A friend is dying alone here in Anchorage at Providence Hospital as I write this. He doesn’t have COVID-19, but because of this pandemic, no friends or family can be there to hold his hand. An uncle died alone a few weeks back at an intensive care unit down in Texas from this. My aunt and cousins had to say goodbye to him over FaceTime. At the time of writing this, Alaska had 496 cases in one day and three deaths. In contrast, Vietnam, a country with a population of 95.5 million people, had zero new cases and zero deaths. Vietnam shares a border with China, where the virus originated, yet to date has had fewer infections or deaths than Alaska. Alaska, with a fraction of the population, has somehow managed to have three times as many deaths and 20 times the number of infected as Vietnam.
We can devise all the excuses we want or complain about how a comparison between Alaska and Vietnam somehow isn’t fair. I’ve heard the tired arguments about freedom this and socialism that. Clearly, arguing politics isn’t working. Here’s a country that we nearly wiped off the map not too long ago, and yet their elders, their sick, their loved ones are not dying alone in hospitals. Ours are. This is failure on an inhumane and catastrophic level.
The failure starts at the top, beginning with President Donald Trump and tumbling all the way down to you and me. We have prioritized business and leisure over our grandparents and neighbors. Put sports and public events over the safety and security of our communities and our nation. We argue over something as simple as wearing a mask. We’ve allowed a pandemic to become political. We somehow allowed the deaths of our fellow Americans to be its own source of division.
I’m pretty certain we can do better. We even have a few American examples of success against this virus. Take the NBA. How did the NBA pull off a successful season amid a pandemic? They made a collective decision to protect themselves. Everyone worked together to make that happen.
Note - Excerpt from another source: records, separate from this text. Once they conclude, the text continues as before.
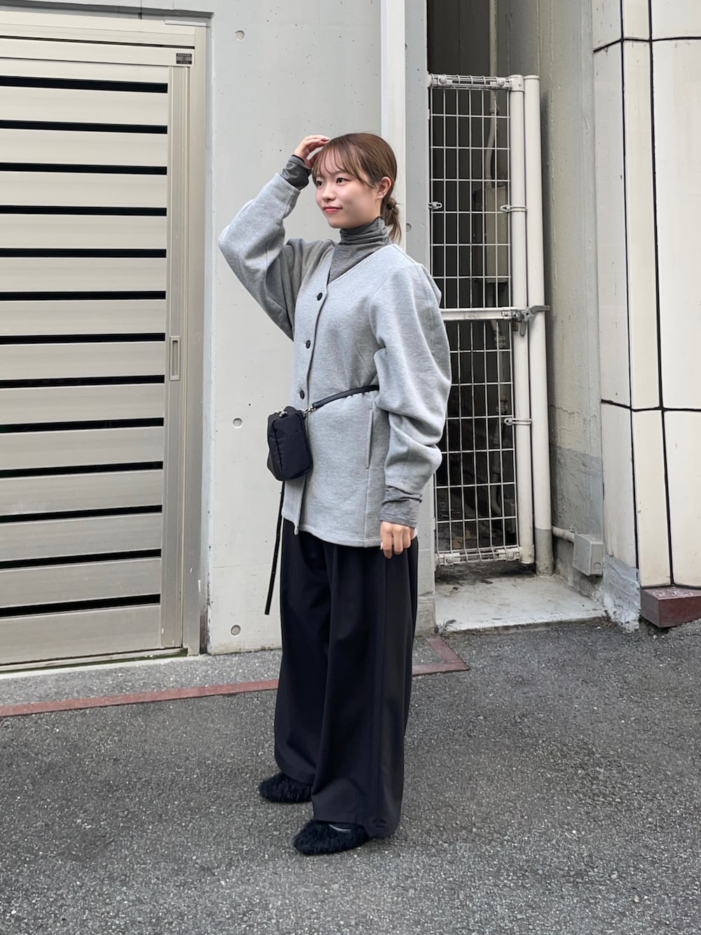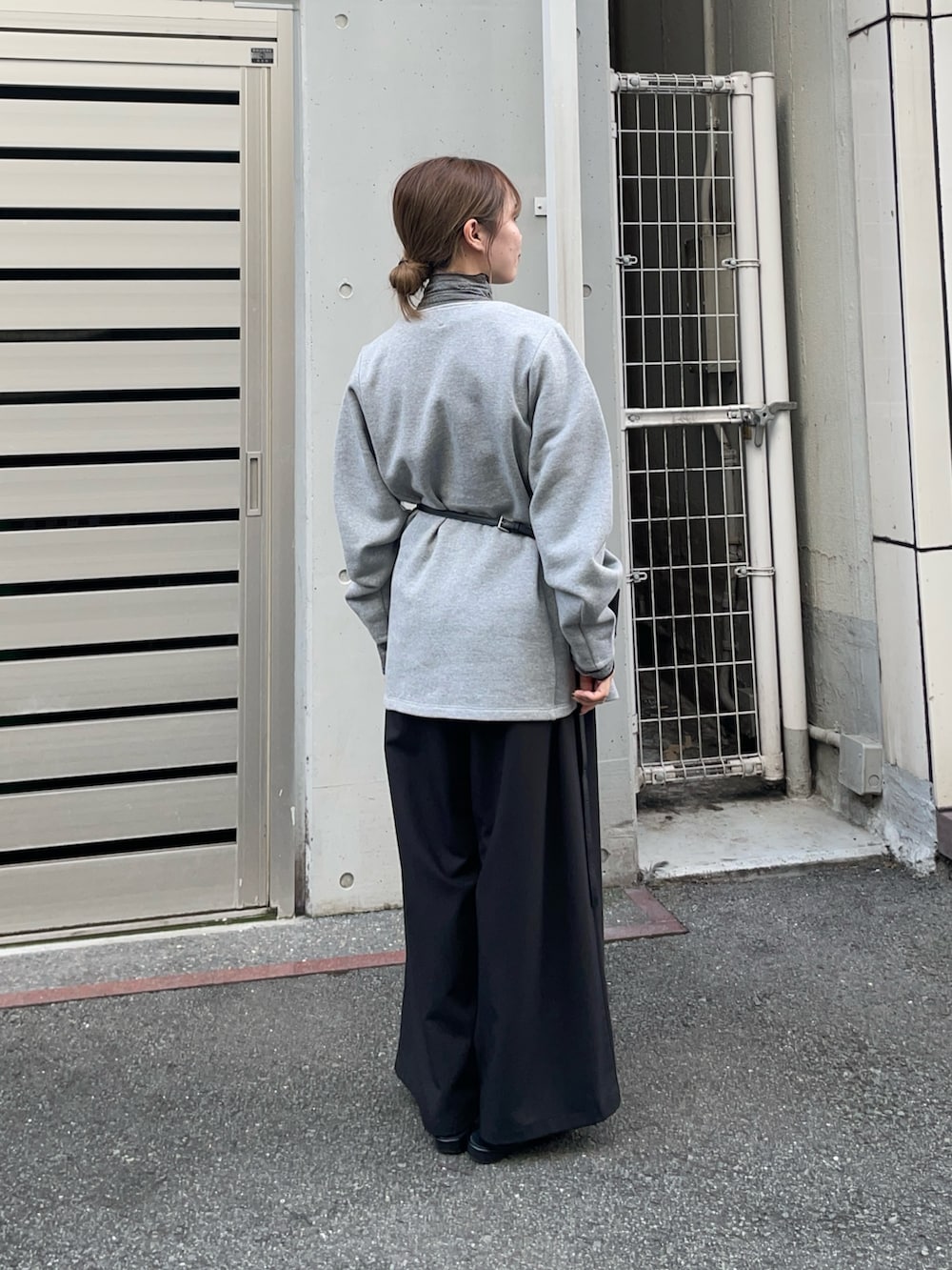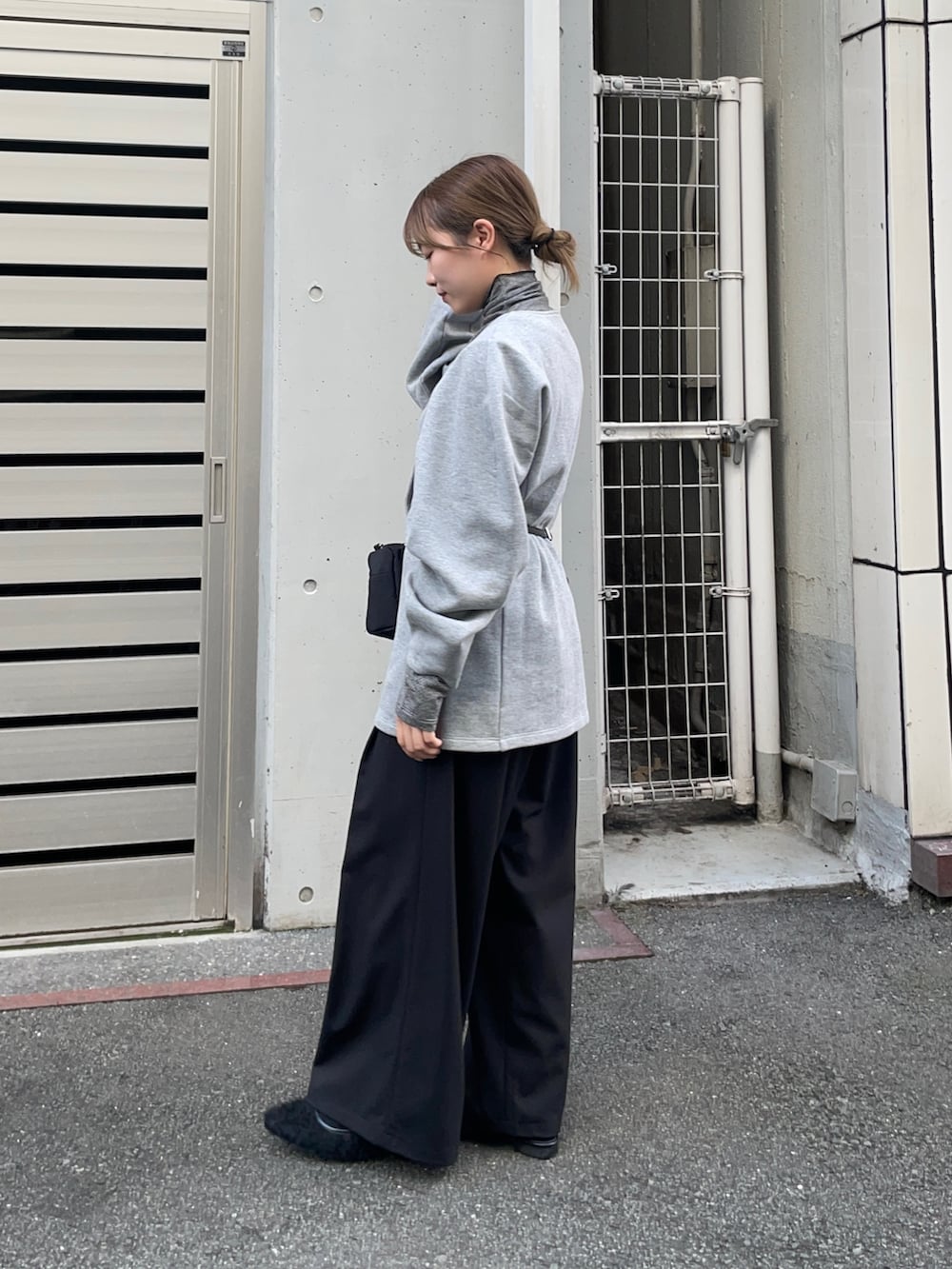 パンツはウールが少し入ったワイドパンツで、私の身長で36を履いてます!また8センチ裾上げのお直しをしておりますが、ウエストがゴム紐で調節できるので、小柄な方やウエストが細身な方にも、ぜひ着てみて欲しいパンツですよ〜!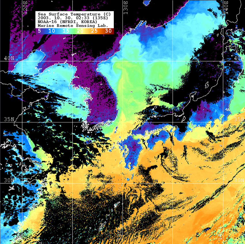o 2003년 10월 30일 02시 33분 NOAA-12호 위성영상입니다. o 수온분포는 범례를 참고하시기 바랍니다. o 검은색은 구름과 육지를 나타냅니다.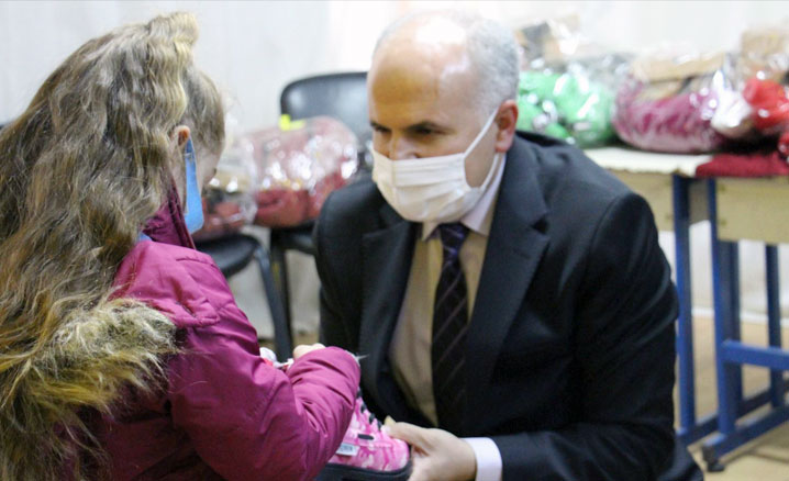 Öğrencilerle bir araya gelen Gaziantep İl Müftüsü Dr. Hüseyin Hazırlar, “Bu kış mevsiminde Türkiye Diyanet Vakfı Gaziantep Şubesi Kadın Kollarının başlattığı anlamlı bir çalışma var. ‘Kış Bayramı’ dedik. Bu kışın ortasında özellikle muhtaç ailelerin çocuklarını tespit etmek suretiyle çocukların bot ve mont ihtiyaçlarını karşılamak için bir çalışma başlatıldı. Okullarımızla işbirliği içerisinde bu muhtaç çocuklar tespit edildi. Kadın kollarımızın her biri ve birbirinden değerli gönüllüleri, bu anlamda bu kardeşlerimiz için bir kampanya başlattılar. Bugün itibariyle 267 çocuğumuza bot ve mont desteğinde bulundular.” dedi.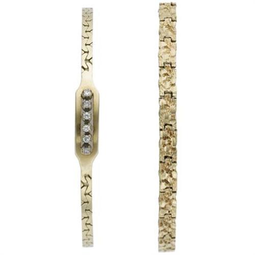 <B>Diamond, Gold Bracelet Lot</B></I><BR><BR>The lot includes: one bracelet centering single-cut diamonds weighing a total of approximatley 0.18 carat, set in 14k yellow gold with rhodium finished accents <I>(Dimensions: 7 inches x 1/4 inch)</B></I>; together with one 14k bracelet consisting of gold nugget style links <I>(Dimensions: 7 inches x 3/16 inch).</B></I> Gross weight for the lot is 15.70 grams. <B>Condition Report:</B> Very good condition.<BR><BR><BR><BR><b>Shipping:</b> Miscellaneous Collectibles, Smal (<a target="_blank" href="http://www.heritageauctions.com/common/shipping.php">view shipping information</a>)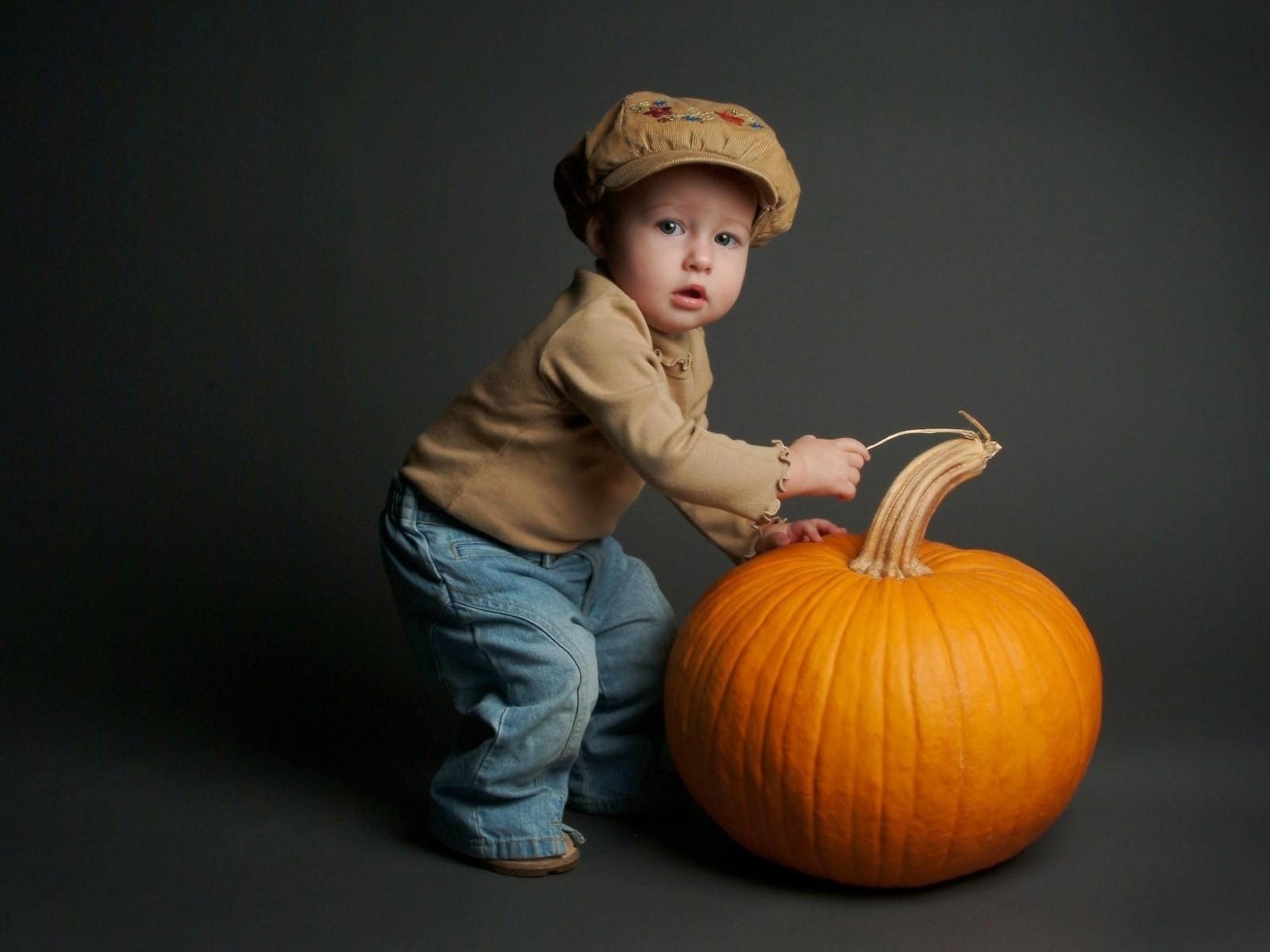 Обои Малыш и тыква

I refuse to believe that collectively, as Americans, we don’t have the ability to figure out how to allow select visitors into a hospital to say goodbye to our loved ones. I refuse to believe we don’t have the capacity or intelligence or humanity to demand action from our leaders and to do the right things ourselves. I know we can. We must. But what I worry about is that my friend dying in the hospital tonight alone is like our country on its own deathbed. Too many of us have lost the desire to be a nation that lives up to the promise of liberty and justice for all. The desire to welcome the tired, the poor. The desire to allow that lamp to the golden door for anyone other than ourselves.
And therein, my fellow Americans, lies the answer, perhaps the way out of this mess. It’s in the poem inscribed on the pedestal of Lady Liberty, a mighty woman with a torch, our beacon of hope. We need to once again become those “huddled masses yearning to breathe free,” but keep the masses down to family size. Wear a mask. And yearn together for the freedom to breathe freely again when this is over. For our elders. Our kids. For the next one of our friends or family members who find themselves in the hospital. And for the future of our country on life support.
Don Rearden is a mask-wearing professor at the University of Alaska Anchorage and author of several books, including a new poetry collection “Without A Paddle.”